In a world where celebrities are often experiencing some form of turmoil, Ariana Grande has endured enough to last a lifetime. Apart from dealing with the chronic anxiety that has plagued her for much of her life, Grande suffered through the aftermath of the horrific terrorist attack that took place on 22nd May 2017, at the Manchester concert hall immediately following her performance. The explosion left 22 people dead and over 500 injured and left Grande in a state of shock. After bravely completing her tour that year, she suffered what she described as PTSD and crippling anxiety.

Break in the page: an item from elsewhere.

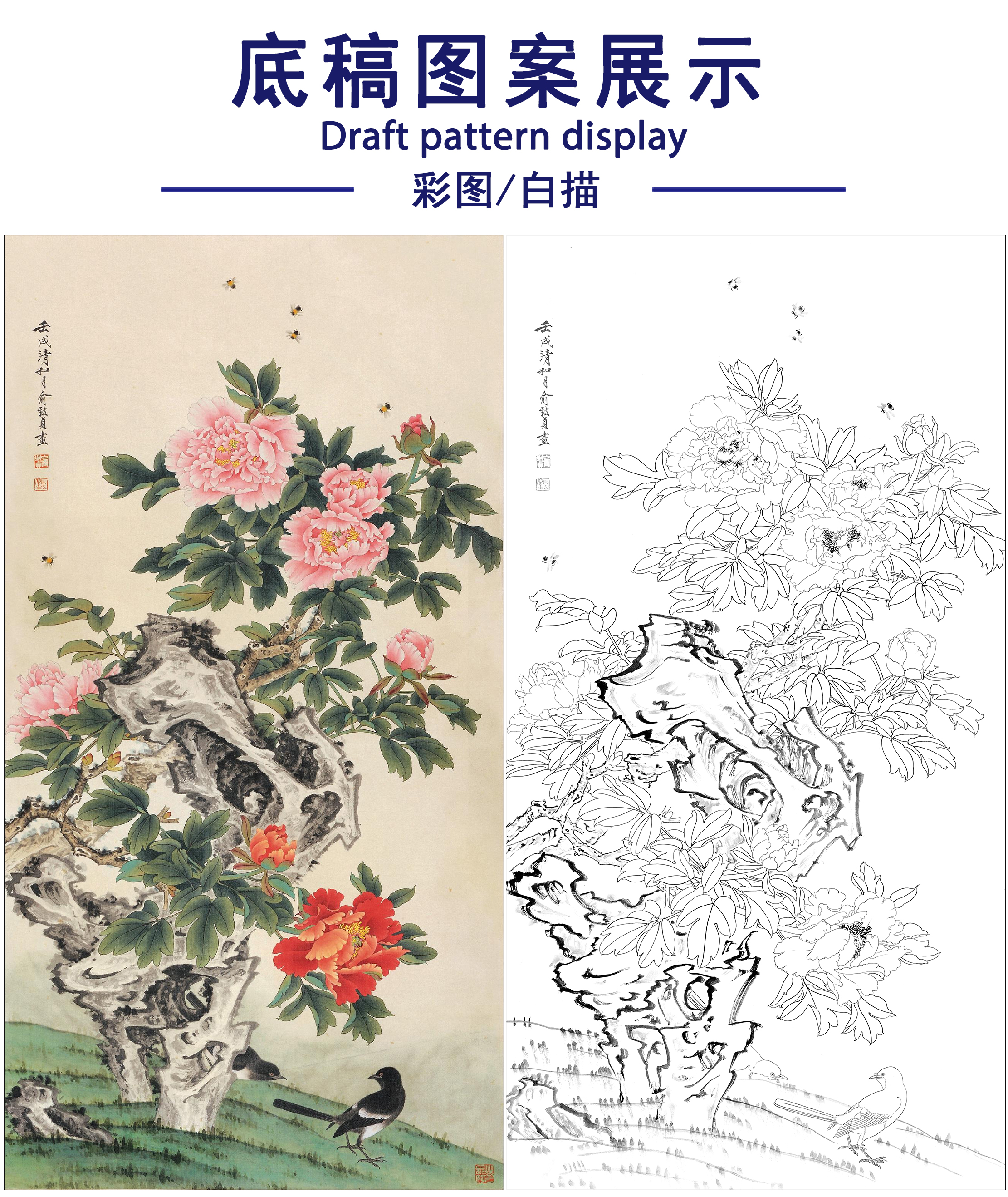 俞致贞花鸟工笔画白描底稿《富贵双喜》牡丹喜鹊临摹勾线高清打印稿ZZ62

“When I got home from tour, I had really wild dizzy spells, this feeling like I couldn’t breathe,” Grande admitted. “I would be in a good mood, fine and happy, and they would hit me out of nowhere. I’ve always had anxiety, but it had never been physical before. There were a couple of months straight where I felt so upside down.”
She added: “I’ve always had anxiety. I’ve never really spoken about it because I thought everyone had it, but when I got home from tour it was the most severe, I think it’s ever been.”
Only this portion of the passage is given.